- Provided data:
:::::

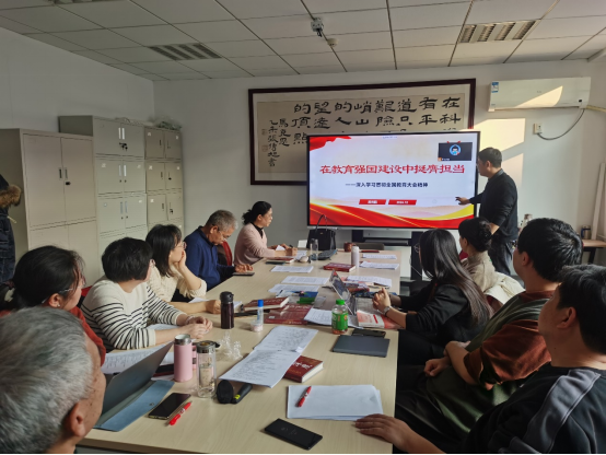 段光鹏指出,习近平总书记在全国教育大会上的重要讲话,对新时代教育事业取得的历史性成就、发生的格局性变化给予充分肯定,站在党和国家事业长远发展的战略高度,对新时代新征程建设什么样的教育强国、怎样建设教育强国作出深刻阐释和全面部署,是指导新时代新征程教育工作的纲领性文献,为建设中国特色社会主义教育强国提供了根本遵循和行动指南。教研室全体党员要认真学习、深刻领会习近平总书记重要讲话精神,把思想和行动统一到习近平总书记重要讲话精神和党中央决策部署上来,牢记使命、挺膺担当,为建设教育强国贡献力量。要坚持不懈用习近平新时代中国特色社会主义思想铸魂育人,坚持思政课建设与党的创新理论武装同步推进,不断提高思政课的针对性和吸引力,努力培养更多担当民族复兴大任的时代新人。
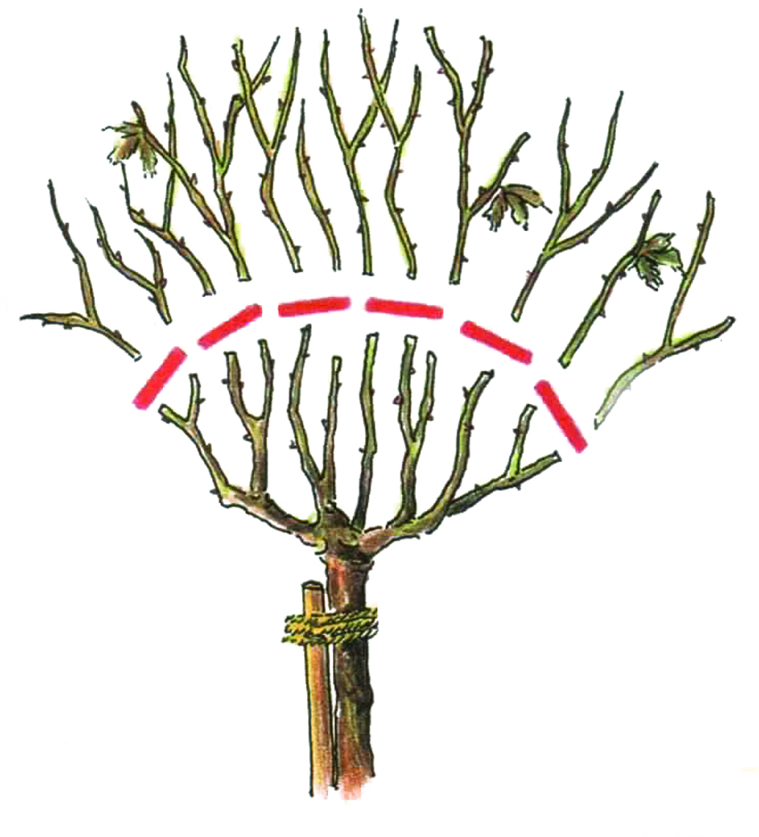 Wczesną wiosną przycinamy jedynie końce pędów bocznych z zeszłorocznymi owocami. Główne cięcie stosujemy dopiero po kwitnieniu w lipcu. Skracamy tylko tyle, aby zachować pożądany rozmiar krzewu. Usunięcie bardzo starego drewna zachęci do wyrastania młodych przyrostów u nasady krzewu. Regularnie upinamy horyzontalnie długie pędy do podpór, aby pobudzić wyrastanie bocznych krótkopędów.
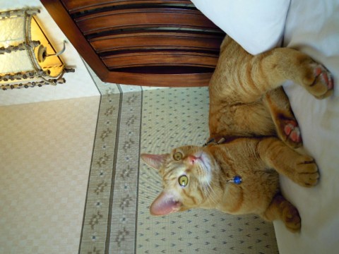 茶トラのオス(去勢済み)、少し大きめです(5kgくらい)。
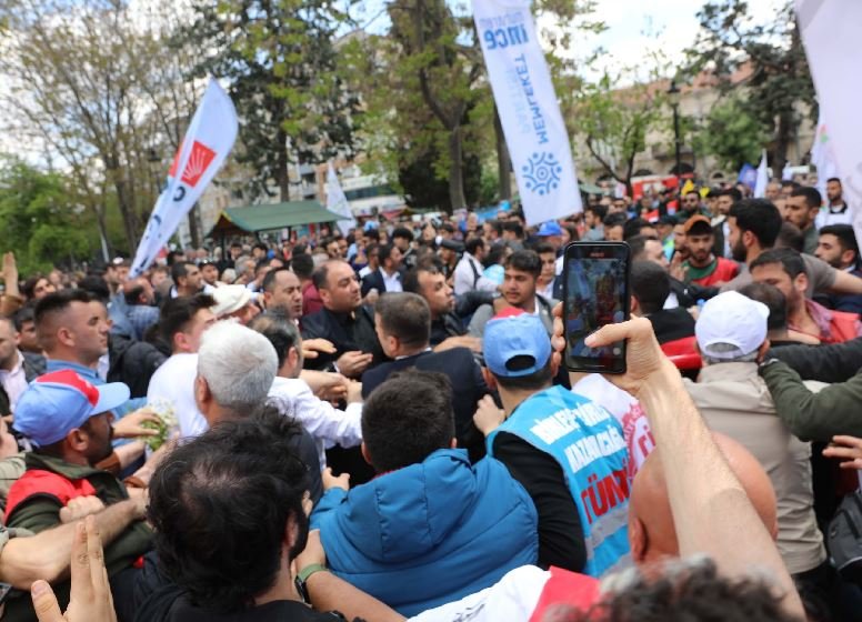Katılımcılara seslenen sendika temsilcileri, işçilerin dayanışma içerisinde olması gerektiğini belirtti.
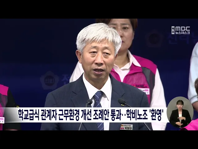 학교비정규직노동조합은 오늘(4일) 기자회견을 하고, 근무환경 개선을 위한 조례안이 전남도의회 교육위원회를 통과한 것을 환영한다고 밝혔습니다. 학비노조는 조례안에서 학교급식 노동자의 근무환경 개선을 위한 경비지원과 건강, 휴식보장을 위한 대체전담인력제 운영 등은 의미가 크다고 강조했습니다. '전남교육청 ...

:::::

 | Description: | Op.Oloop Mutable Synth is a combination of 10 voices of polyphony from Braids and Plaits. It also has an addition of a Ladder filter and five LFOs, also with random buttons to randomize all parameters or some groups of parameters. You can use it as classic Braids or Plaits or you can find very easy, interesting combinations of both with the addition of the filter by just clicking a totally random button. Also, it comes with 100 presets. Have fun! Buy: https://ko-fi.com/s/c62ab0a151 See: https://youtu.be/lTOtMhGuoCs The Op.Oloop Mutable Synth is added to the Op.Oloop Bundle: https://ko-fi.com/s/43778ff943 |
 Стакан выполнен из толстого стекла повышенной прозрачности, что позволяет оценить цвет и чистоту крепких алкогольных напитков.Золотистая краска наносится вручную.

:::::

In the listing above, find the line with "Katılımcılara seslenen sendika" and output it and every line after it up to and including the line with "학교비정규직노동조합은 오늘(4일) 기자회견을", exactly, minus the pictures.

- Result:
Katılımcılara seslenen sendika temsilcileri, işçilerin dayanışma içerisinde olması gerektiğini belirtti.
 학교비정규직노동조합은 오늘(4일) 기자회견을 하고, 근무환경 개선을 위한 조례안이 전남도의회 교육위원회를 통과한 것을 환영한다고 밝혔습니다. 학비노조는 조례안에서 학교급식 노동자의 근무환경 개선을 위한 경비지원과 건강, 휴식보장을 위한 대체전담인력제 운영 등은 의미가 크다고 강조했습니다. '전남교육청 ...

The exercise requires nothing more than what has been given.